Resistance to international institutions is perhaps a better candidate, but treaty renunciation and withdrawal from institutions are permitted by international law under certain circumstances. Further, some instances of resistance seem mediated by the host ideologies and are not clearly antagonistic to international law. For example, Venezuelan leaders viewed the OAS as an obstacle to the Bolivarian revolution, and Chávez referred to it and the Inter-American Commission on Human Rights as “a mafia,” but Venezuela had also been setting up parallel institutions to serve as alternatives to the OAS.Footnote 34 Thus, these populists’ opposition to the inter-American system seems mediated by their anti-imperialism and Americanismo, rather than by a general opposition to the authority of international institutions. The latter is hard to square with Venezuela's praise of, and promised cooperation with, the Human Rights Council.Footnote 35 And even if these promises are insincere, they are not necessarily insincere because of populism, but may stem from illiberalism or authoritarianism.Footnote 36

Attempts to modify or create international institutions—like the ones discussed before—might qualify as antagonistic to the status quo, but they do not necessarily denote antagonism to international law itself. Of course, attempts at reform might signal discontent with certain areas of international law or some of its values, and in that way we might describe them as “antagonistic” to current international law. But, alternatively, we might want to conceptualize “antagonism” to international law in a way that allows us to distinguish between attempts at reform that challenge the existence or the foundations of international law and other, minor, reforms. Most importantly, the evaluation of attempts at reform that challenge the status quo is an independent and substantive question about what international law should be like and what values it should pursue. A proper conceptualization of “antagonism to international law” should be careful to keep these questions separate.

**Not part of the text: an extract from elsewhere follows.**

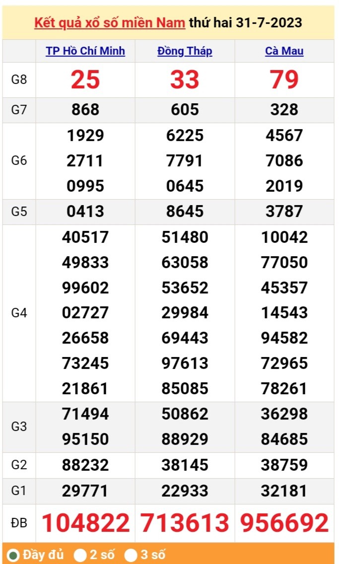 | XSMN 31/7, Xổ số miền Nam ngày 31 tháng 7 |

A second issue concerns the underlying rationale for assuming populism's antagonism to international law. The ideational approach, which focuses partly on populism's claim to exclusively representing the people, helps us understand populism's ambivalent relationship with (liberal) democracy.Footnote 37 However, on its face, it does not say anything about the relationship between populism and international law. Some international legal scholars suggest that, due to international law's slim democratic credentials, populists will regard international law as a creation and imposition of the elites.Footnote 38 Erik Voeten, for example, argues that populism offers an ideology to challenge the authority of international courts, because the latter fail to reflect the will of the people.Footnote 39 This assumption has at least two problems.

First, populism is best understood in relation to democracy. Its claim of exclusively representing the people entails a particular understanding of democratic representation, inconsistent with majoritarianism and procedural democracy.Footnote 40 But there is nothing distinctively populist about the critique of international law or international institutions as not representing the will of the people. International law is in fact not democratically created, nor is it created exclusively by democratic states. Thus, the democratic critique is available to every actor with some commitment to democracy, and has in fact been consistently raised by Third World Approaches to International Law (TWAIL) scholars and others.Footnote 41

It is important to appropriately respond to, and channel, these democratic critiques,Footnote 42 which are not necessarily antagonistic to international law. In fact, some of the democratic critiques raised by populism might have emancipatory potential regarding international law. Whether that is the case must be determined empirically and is likely to depend on the host ideology and the precise form the critique takes.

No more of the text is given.